#### Input records:
+ + + +

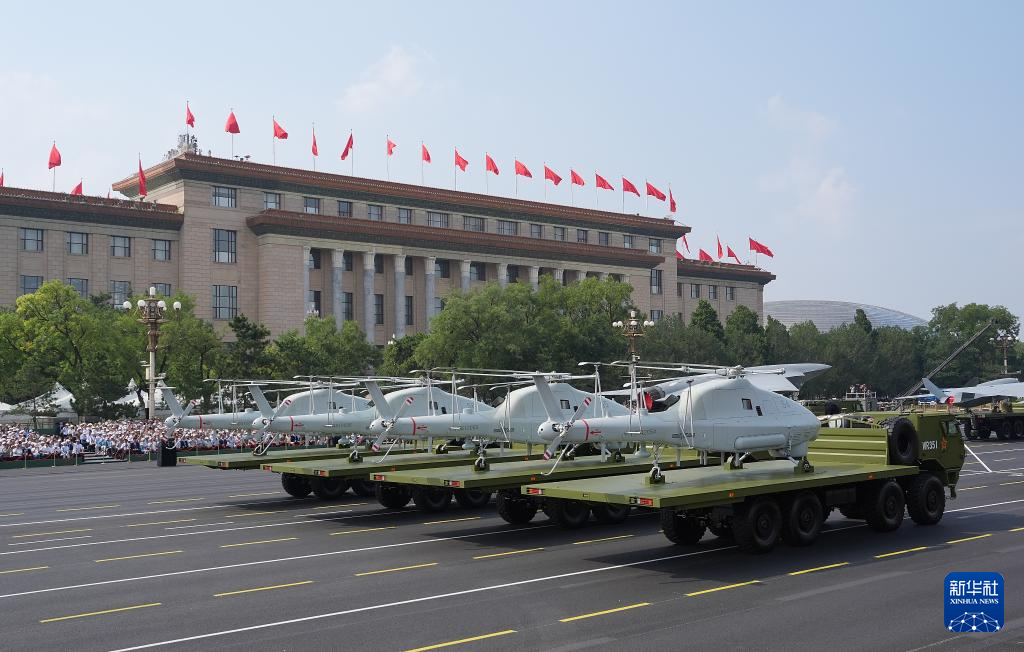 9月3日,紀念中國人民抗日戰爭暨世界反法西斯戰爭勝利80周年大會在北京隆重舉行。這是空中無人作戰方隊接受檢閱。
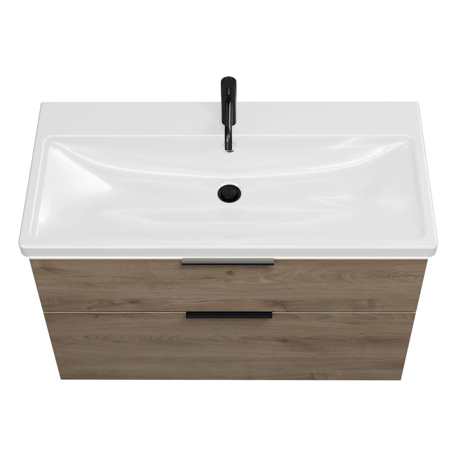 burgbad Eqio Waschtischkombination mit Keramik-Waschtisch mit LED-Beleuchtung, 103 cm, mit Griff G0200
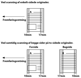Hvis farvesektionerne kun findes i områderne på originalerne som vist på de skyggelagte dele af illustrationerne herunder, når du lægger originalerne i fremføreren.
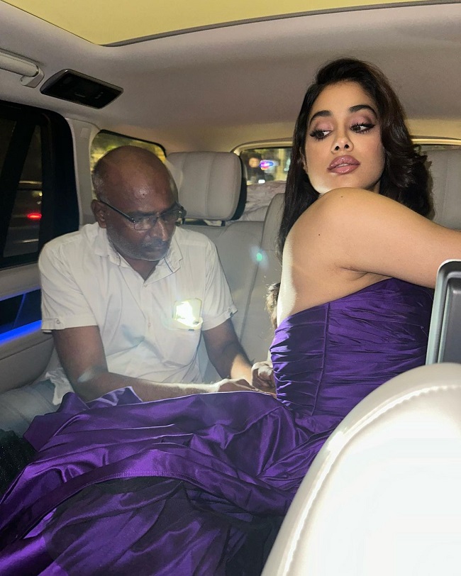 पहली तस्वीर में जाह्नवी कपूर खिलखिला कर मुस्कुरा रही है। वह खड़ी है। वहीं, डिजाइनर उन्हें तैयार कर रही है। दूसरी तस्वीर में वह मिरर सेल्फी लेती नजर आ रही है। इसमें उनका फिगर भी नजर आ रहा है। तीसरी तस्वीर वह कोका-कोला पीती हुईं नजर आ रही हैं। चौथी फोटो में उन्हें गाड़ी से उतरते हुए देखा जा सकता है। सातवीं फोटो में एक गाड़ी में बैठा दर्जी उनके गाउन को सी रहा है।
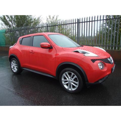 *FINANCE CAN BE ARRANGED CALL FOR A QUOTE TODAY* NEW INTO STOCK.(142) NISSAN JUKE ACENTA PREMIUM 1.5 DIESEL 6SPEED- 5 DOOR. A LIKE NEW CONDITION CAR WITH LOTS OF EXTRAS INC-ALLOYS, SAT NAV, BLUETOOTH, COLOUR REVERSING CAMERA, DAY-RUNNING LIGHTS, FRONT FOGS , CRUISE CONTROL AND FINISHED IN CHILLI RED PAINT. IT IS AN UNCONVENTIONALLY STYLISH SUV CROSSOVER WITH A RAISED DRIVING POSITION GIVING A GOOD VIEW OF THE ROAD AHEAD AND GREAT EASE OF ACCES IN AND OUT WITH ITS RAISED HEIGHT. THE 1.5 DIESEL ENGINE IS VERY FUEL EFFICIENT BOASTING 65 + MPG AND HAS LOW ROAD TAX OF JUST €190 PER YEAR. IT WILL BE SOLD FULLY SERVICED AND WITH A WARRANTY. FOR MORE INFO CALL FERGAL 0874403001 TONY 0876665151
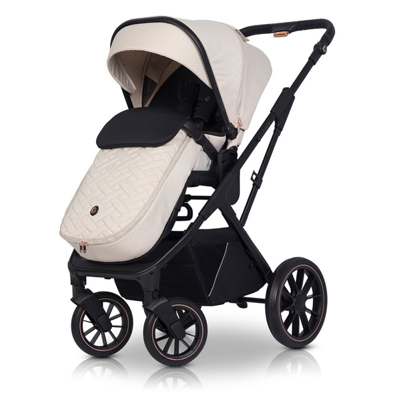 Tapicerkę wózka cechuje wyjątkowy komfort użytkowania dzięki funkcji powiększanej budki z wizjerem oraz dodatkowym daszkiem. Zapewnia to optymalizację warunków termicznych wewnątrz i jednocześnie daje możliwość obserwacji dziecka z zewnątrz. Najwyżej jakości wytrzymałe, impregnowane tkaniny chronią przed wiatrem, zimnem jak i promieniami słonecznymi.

+ + + +

#### What to work on:
Print each of the records above exactly as written, leaving no picture in the copy.

#### Task response:
 9月3日,紀念中國人民抗日戰爭暨世界反法西斯戰爭勝利80周年大會在北京隆重舉行。這是空中無人作戰方隊接受檢閱。
 burgbad Eqio Waschtischkombination mit Keramik-Waschtisch mit LED-Beleuchtung, 103 cm, mit Griff G0200
Hvis farvesektionerne kun findes i områderne på originalerne som vist på de skyggelagte dele af illustrationerne herunder, når du lægger originalerne i fremføreren.
 पहली तस्वीर में जाह्नवी कपूर खिलखिला कर मुस्कुरा रही है। वह खड़ी है। वहीं, डिजाइनर उन्हें तैयार कर रही है। दूसरी तस्वीर में वह मिरर सेल्फी लेती नजर आ रही है। इसमें उनका फिगर भी नजर आ रहा है। तीसरी तस्वीर वह कोका-कोला पीती हुईं नजर आ रही हैं। चौथी फोटो में उन्हें गाड़ी से उतरते हुए देखा जा सकता है। सातवीं फोटो में एक गाड़ी में बैठा दर्जी उनके गाउन को सी रहा है।
 *FINANCE CAN BE ARRANGED CALL FOR A QUOTE TODAY* NEW INTO STOCK.(142) NISSAN JUKE ACENTA PREMIUM 1.5 DIESEL 6SPEED- 5 DOOR. A LIKE NEW CONDITION CAR WITH LOTS OF EXTRAS INC-ALLOYS, SAT NAV, BLUETOOTH, COLOUR REVERSING CAMERA, DAY-RUNNING LIGHTS, FRONT FOGS , CRUISE CONTROL AND FINISHED IN CHILLI RED PAINT. IT IS AN UNCONVENTIONALLY STYLISH SUV CROSSOVER WITH A RAISED DRIVING POSITION GIVING A GOOD VIEW OF THE ROAD AHEAD AND GREAT EASE OF ACCES IN AND OUT WITH ITS RAISED HEIGHT. THE 1.5 DIESEL ENGINE IS VERY FUEL EFFICIENT BOASTING 65 + MPG AND HAS LOW ROAD TAX OF JUST €190 PER YEAR. IT WILL BE SOLD FULLY SERVICED AND WITH A WARRANTY. FOR MORE INFO CALL FERGAL 0874403001 TONY 0876665151
 Tapicerkę wózka cechuje wyjątkowy komfort użytkowania dzięki funkcji powiększanej budki z wizjerem oraz dodatkowym daszkiem. Zapewnia to optymalizację warunków termicznych wewnątrz i jednocześnie daje możliwość obserwacji dziecka z zewnątrz. Najwyżej jakości wytrzymałe, impregnowane tkaniny chronią przed wiatrem, zimnem jak i promieniami słonecznymi.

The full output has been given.